Je saurais gré aux lecteurs de ce site de bien vouloir communiquer les victimes helvétiques que cette liste a omises ou corriger ses erreurs. Malgré cela, on parvient au chiffre d'au moins 45 morts en 20 ans, qui du point de vue statistique est extrêmement bas et n'indique pas de recrudescence récente, mais qui du point de vue politique et stratégique reste significatif.

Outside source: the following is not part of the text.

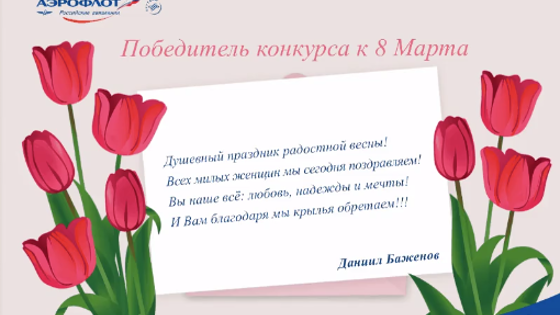 Авиакомпания «Аэрофлот» приготовила особое поздравление женщинам, которым выпало отметить праздник 8 Марта на борту самолетов авиаперевозчика, сообщает пресс-служба «Аэрофлота». В этот день пассажиркам по громкой связи посвящают стихи, отобранные по итогам конкурса, проведенного среди подписчиков страницы авиакомпании во ВКонтакте. «Преподносить 8 Марта подарок в виде стихов и цветов женщинам, которые путешествуют нашими рейсами — одна из добрых традиций "Аэрофлота"», — признался генеральный директор авиакомпании Виталий Савельев. «Присоединяюсь к своим коллегам и от имени всех мужчин авиакомпании поздравляю представительниц прекрасного пола с Международным женским днем. Желаю здоровья и любви, весеннего солнца и тепла, а также приятных путешествий с Аэрофлотом!», — подытожил он. Всего на конкурс было направлено более 900 стихотворений, присланных из разных городов России. Жюри из представителей «Аэрофлота» тайным голосованием отобрало троих финалистов. Во втором этапе конкурса вновь приняли участие подписчики аккаунта «Аэрофлота», но уже в роли критиков. По результатам, был назван победитель, набравший наибольшее число голосов. Им оказалось четверостишие, которое прислал Даниил Баженов. Победителю помимо признания его поэтического таланта будет вручен сертификат на два лица на перелет туда-обратно классом Эконом в любой город маршрутной сети «Аэрофлота».

Il pose en effet la question suivante : dans la mesure où ces citoyens suisses - en tout cas depuis Louxor - ont été délibérément tués sans que leur nationalité suscite la moindre retenue, bien au contraire, à partir de combien de morts un Etat doit-il considérer ceci comme une attaque contre lui ? En d'autres termes : puisque nous faisons partie de l'Occident chrétien, blanc, high tech et opulent, à partir de combien de morts devons-nous considérer que les menaces à notre endroit se sont concrétisées, et que nous sommes en guerre ?

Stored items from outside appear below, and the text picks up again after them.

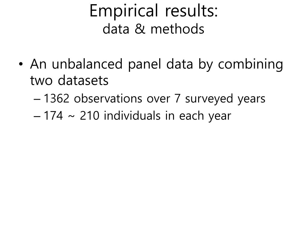 Empirical results:data & methods • An unbalanced panel data by combining two datasets • 1362 observations over 7 surveyed years • 174 ~ 210 individuals in each year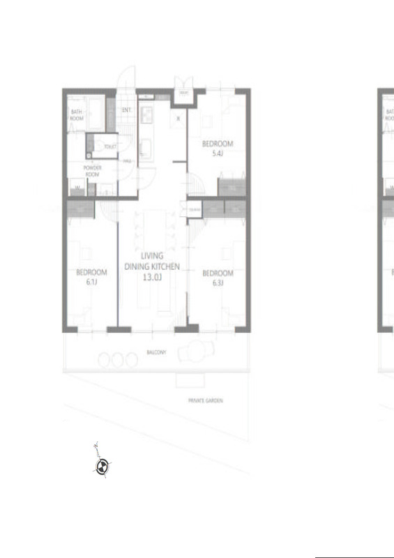- 洋室 6.3帖 洋室 6.1帖 洋室 5.4帖 LDK 13帖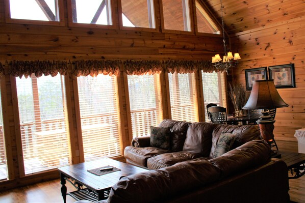 The cathedral ceiling in the great room lends an airy feeling to the cabin, with floor to ceiling windows so you can enjoy the beautiful mountain view in any weather. The leather sofa and love seat are very soft and comfortable. There is a stacked stone, gas log fireplace to enjoy on cool autumn and winter nights, while the central heat and air keeps the cabin at just the right temperature year round. The dining table for 4 is conveniently located next to the windows, so you can enjoy the view while eating. We also have a 2 person breakfast bar in the kitchen, and a log style picnic table on the deck.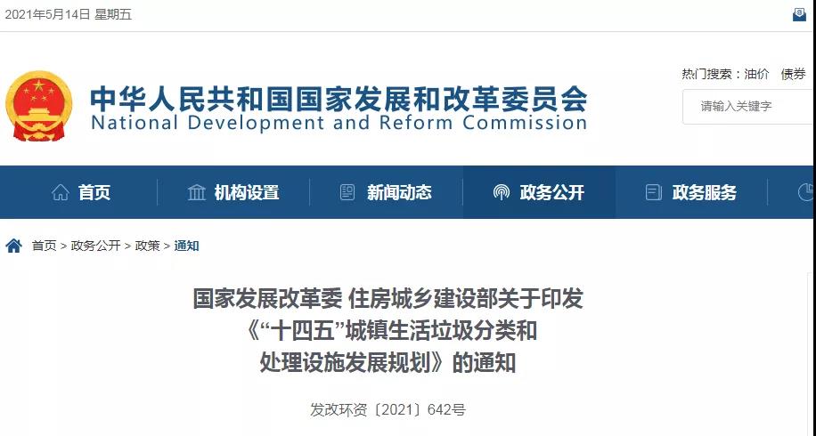 國家發(fā)展改革委、住房城鄉(xiāng)建設(shè)部日前發(fā)布《“十四五”城鎮(zhèn)生活垃圾分類和處理設(shè)施發(fā)展規(guī)劃》提出,到2025年底...

Une telle interrogation peut difficilement être tranchée dans un sens ou dans l'autre, puisqu'une vie humaine peut être à la fois tout et rien (ou presque), suivant la perspective que l'on adopte. Pourtant, alors que par le passé des guerres ont été déclenchées pour une oreille coupée, un télégramme insultant ou un ultimatum implacable, il reste assez surprenant de constater que l'on peut aujourd'hui tuer des Suisses sans s'attirer les foudres de la Confédération. Je ne suis pas sûr que nos ancêtres belliqueux apprécieraient! ce d'autant plus qu'un large éventail de réponses diplomatiques, judiciaires, financières et sécuritaires existent. Peut-être faudra-t-il que des Suisses meurent en Suisse du terrorisme contemporain, c'est-à -dire avant tout islamiste, pour qu'une telle réaction se produise - tant il est vrai que seul le sang parvient à émouvoir, et donc mouvoir, les démocraties.

Publié par Ludovic Monnerat le 25 avril 2006 à 10:48

Commentaires

ah ben en fait on en revient à notre bonne vieille neutralité non ? d'une certaine façon elle nous protège et d'une autre manière elle est notre muselière ... non ?

Publié par Emma le 25 avril 2006 à 12:40

les victimes de guerre djihadique ne se comptent pas car elles ne comptent pas. Et si elles ne comptent pas, c'est que, ceux qui auraient été chargés de les compter en d'autres temps, considèrent cette guerre comme un risque naturel.

Dès lors qu'il n'y a personne à incriminer du point de vue du droit de la guerre (pas d'Etat), l'habitude s'est vite prise de ne plus voir de coupable du tout et de procéder implicitement par analogie avec les catastrophes naturelles.


Ce qui est cocasse c'est que les cas de "force majeure" que constituent lesdites catastrophes, et qui sont exonératoires de responsablitié en droit, se disent en anglais juridique "act of god".

Exactement comme ce que proclamment les djihadistes de leur guerre.

Ainsi, on sera prompt à critiquer les impérities de la protection civile et du rapatriement mais plus prompt encore à critiquer toute velléité de se défendre contre une force vue comme "majeure" puisqu'elle est sans Etat. Sacré perte de repères non?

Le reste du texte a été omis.